The Motorola Mobility acquisition is a huge step further along that progression. Google clearly still feels that the fragmentation and variability of third-party hardware makers (with the frequent intervention of carriers seeking special interfaces, additional apps, and in some cases removing Google’s native apps and services altogether) is leaving money on the table. To be fair, some of the Android handsets have been very good—the Motorola Droids have consistently been strong players—but then there are other products that just completely send the Android/Google brand into the toilet.

This is a cycle that gets repeated in many industries, and the integrated/proprietary vs. modular/open balancing act is one that many companies struggle with as they make strategic choices on investments, alliances, and how to deploy complex products and ecosystems. I devote a significant amount of time to this in my book, Innovation X, as it’s a fascinating area.

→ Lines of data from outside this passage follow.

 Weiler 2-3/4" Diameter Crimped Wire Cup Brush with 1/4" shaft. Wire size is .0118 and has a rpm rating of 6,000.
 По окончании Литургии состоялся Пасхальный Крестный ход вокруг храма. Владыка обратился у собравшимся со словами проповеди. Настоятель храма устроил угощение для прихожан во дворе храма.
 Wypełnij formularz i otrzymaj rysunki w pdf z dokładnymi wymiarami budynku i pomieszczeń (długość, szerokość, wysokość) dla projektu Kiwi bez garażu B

The Motorola acquisition also strengthens Google’s position in the new diversity of digital ecosystem touchpoints: set-top boxes, broadband connected TVs, home networking, and phone-based payments (digital wallet). Motorola Mobility already plays in these (mostly immobile) areas, which is interesting to Google because the lines between these products and phones and tablets, in terms of services and content, are increasingly blurred. It’s all about the multi-screen experience today, and making what happens in your home work seamlessly with your devices out on the move. Anybody’s who’s worked in the “smart home” market knows that it’s more dumb than smart, as getting devices to talk together well is really difficult today. Google would love to solve that problem, and is one of the few companies that has the scope and clout to pull it off – even more so now that it has a major player in the hardware endpoints.

Will the Cultures Blend?

Google has said that it will keep Motorola Mobility as a separate company. No doubt this is partly to assuage fears of its other hardware partners that they will be kicked to the curb in favor of the in-house brand. (HTC in particular finds itself in a tough spot now, as both its OS providers now have favored hardware partners—Microsoft/Nokia and Google/Motorola. This latest merger may well push some companies back into the Windows camp as they hedge bets.)

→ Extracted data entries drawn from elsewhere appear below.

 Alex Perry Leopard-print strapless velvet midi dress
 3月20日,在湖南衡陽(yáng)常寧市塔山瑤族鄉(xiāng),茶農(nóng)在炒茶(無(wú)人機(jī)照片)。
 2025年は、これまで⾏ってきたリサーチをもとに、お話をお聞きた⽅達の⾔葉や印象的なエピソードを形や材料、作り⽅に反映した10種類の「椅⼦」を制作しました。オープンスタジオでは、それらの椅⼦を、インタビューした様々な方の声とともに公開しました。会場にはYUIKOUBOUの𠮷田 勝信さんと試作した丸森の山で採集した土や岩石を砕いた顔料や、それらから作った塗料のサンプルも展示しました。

Should Google merge Motorola more fully into its existing business units? In a word: No.

As Google discovered with its early stumbles with Nexus, designing and selling hardware is a really different business than online services, advertising, and software development. Google is amazing at many things, but this does not appear to be one of its talents. Better to keep it under a different brand, with a different team working with the processes it needs to. Which is not to say they should not seek to influence one another, and that there aren’t things Motorola could learn from Google about innovation and development.

Michael Mace has a jaundiced view of this combination:

The same business practices that made Google good in software will be a liability in hardware.  Google’s engineers-first, research driven product management philosophy is effective in the development of web software, because you can run experiments and revise your web app every day in response to user feedback.  But in hardware, you have to make feature decisions 18 months before you ship, and you have to live with those decisions for another 18 months while your product sells through.  You can’t afford to wait for science.  Instead, you need dictatorial product managers who operate on artistry and intuition.  All of those concepts (dictatorship, artistry, intuition) are anathema to Google’s culture.  Either Google’s worldview will dominate and ruin Motorola, or worse yet the Motorola worldview will infect Google.  Google with Motorola inside it is like a python that swallowed a minivan.

To put it another way, I think Google has about as much chance of successfully managing a device business as Nokia had of running an OS business.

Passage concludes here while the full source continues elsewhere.